PARTE 1
Mi suegra me acusó de engañar a su hijo porque yo estaba embarazada de otra niña, y esa noche casi me manda al hospital con mi bebé dentro.
Me llamo Isabela Cortés, tengo 27 años y durante mucho tiempo creí que mi matrimonio con Alejandro Aranda era fuerte. Nos casamos en Querétaro en 2017, con una fiesta sencilla, mariachi, flores blancas y su madre, doña Mercedes, llorando como si estuviera entregando al último príncipe de México. Al final de la noche, cuando Alejandro y yo nos íbamos al hotel, ella me tomó de las manos y me dijo al oído:
—Ahora sí, mija, a fabricar al próximo Alejandro Aranda IV.
Me reí por nervios. Pensé que era una broma pesada de señora antigua. No sabía que esa frase iba a convertirse en una sentencia.

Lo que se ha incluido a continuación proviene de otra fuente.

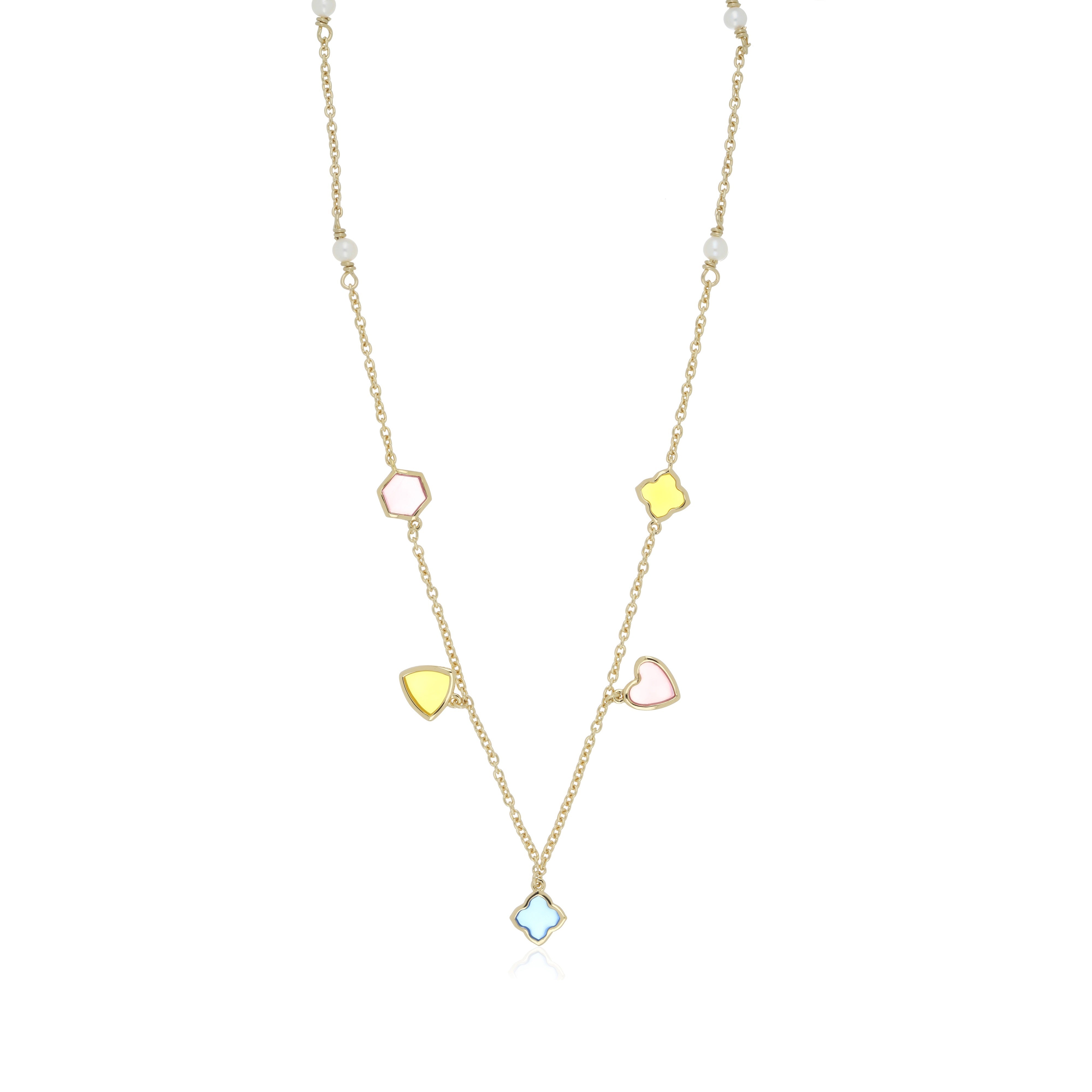 Pearl With Enamel Yellow Gold Plated Necklace In 925 Sterling Silver

En la familia de Alejandro llevaban más de 100 años presumiendo que solo nacían varones. Lo decían en las comidas como si fuera un milagro, una prueba de sangre fuerte, de apellido bendecido. Cuando quedé embarazada en nuestra luna de miel y supimos que era niña, todos se quedaron helados. Alejandro tardó unos días en acomodar la noticia, pero cuando nació Lucía, cambió por completo. La tomó en brazos y lloró como nunca lo había visto llorar.
—No sabía que podía amar así —me dijo.
Yo le creí. Y era verdad, al menos al principio. Alejandro adoraba a Lucía. La llamaba su princesa, su cielo, su pedacito de vida. Pero doña Mercedes nunca la miró igual. Cuando Alejandro no estaba cerca, soltaba comentarios como agujas.

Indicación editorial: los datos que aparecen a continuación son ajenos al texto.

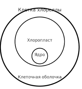 3. Рассмотрите при малом увеличении микропрепарат хлореллы. Зарисуйте клетку хлореллы.

—Qué raro que no tenga la nariz de los Aranda.
—En esta familia nunca salen niñas.
—Dios sabe por qué manda señales.
Yo callé. Me dije que era una mujer vieja, enferma, amarga. Me dije que no valía la pena destruir la relación de Alejandro con su madre por comentarios venenosos. Ese fue mi error: creer que el veneno se queda pequeño si una lo ignora.
Dos años después quedé embarazada otra vez. Cuando el ultrasonido confirmó que era otra niña, le rogué a Alejandro que esperáramos para decirlo. Yo quería disfrutar un poco de mi embarazo sin que Mercedes lo ensuciara. Pero él insistió.

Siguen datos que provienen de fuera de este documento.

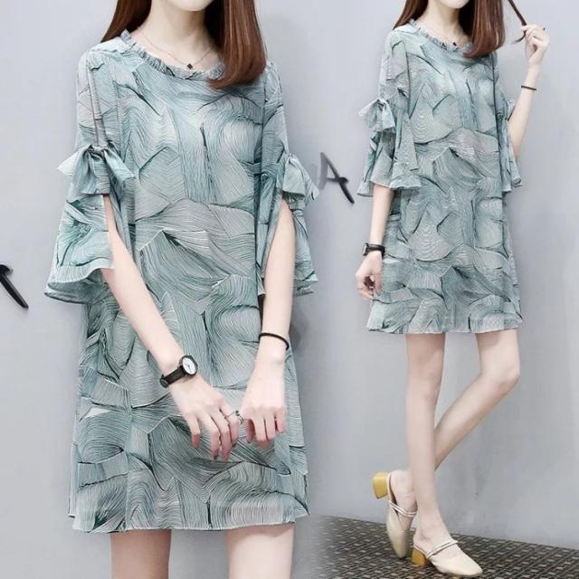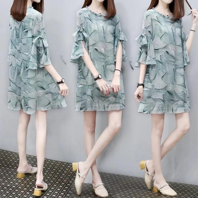 ワンピース レディース ワンピース キレイめ 膝丈ワンピース 夏 半袖 シフォンワンピ 花柄 フリル ロング丈ワンピ オシャレ 着痩せ マキシワンピース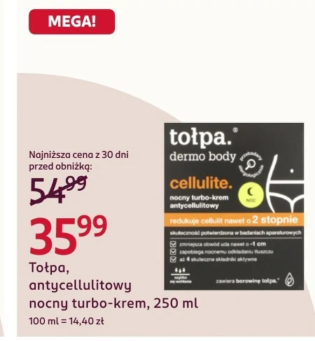 Tołpa, antycellulitowy nocny turbo-krem, 250 ml 35,99 100 ml = 14,40 zł Tołpa antycellulitowy nocny turbo-krem to intensywna kuracja na redukcję cellulitu, szczególnie polecana do stosowania podczas snu. Znajdziesz go w ofercie Rossmanna w cenie 35,99 zł za 250 ml. Krem wzmacnia i uelastycznia skórę, poprawiając jej wygląd i redukując nierówności. Regularne stosowanie może przynieść widoczne efekty w walce z cellulitem.

—Es mi mamá. Tiene derecho a saber. Además, se le va a pasar.
No se le pasó.
Fuimos a su casa un domingo. Doña Mercedes estaba con su esposo, don Ramón, y algunos tíos. Alejandro sonrió y dijo:
—Va a ser otra niña.
Mercedes soltó la taza de café. Se le llenaron los ojos de lágrimas, pero no eran lágrimas de alegría. Empezó a negar con la cabeza, temblando.
—No. No. Eso no es de nosotros.
Sentí que la sangre se me iba de la cara.
—¿Qué dijo?
Me señaló con el dedo.
—Mi hijo no hace niñas. La primera te la dejé pasar, pero 2 no. Esas niñas no son Aranda. Tú eres una cualquiera.
Alejandro se levantó furioso.
—¡Mamá, cállate! ¡Estás hablando de mi esposa y mis hijas!
Yo cargué a Lucía, que no entendía nada y empezó a llorar. Mercedes gritaba que yo había ensuciado su apellido, que Lucía era una intrusa, que el bebé en mi vientre era prueba de mi traición. Alejandro nos sacó de la casa y en el coche me pidió perdón una y otra vez. Ahí le conté todos los comentarios que me había hecho durante años. Él golpeó el volante, llorando de rabia.
—No la vuelvo a dejar acercarse a ustedes.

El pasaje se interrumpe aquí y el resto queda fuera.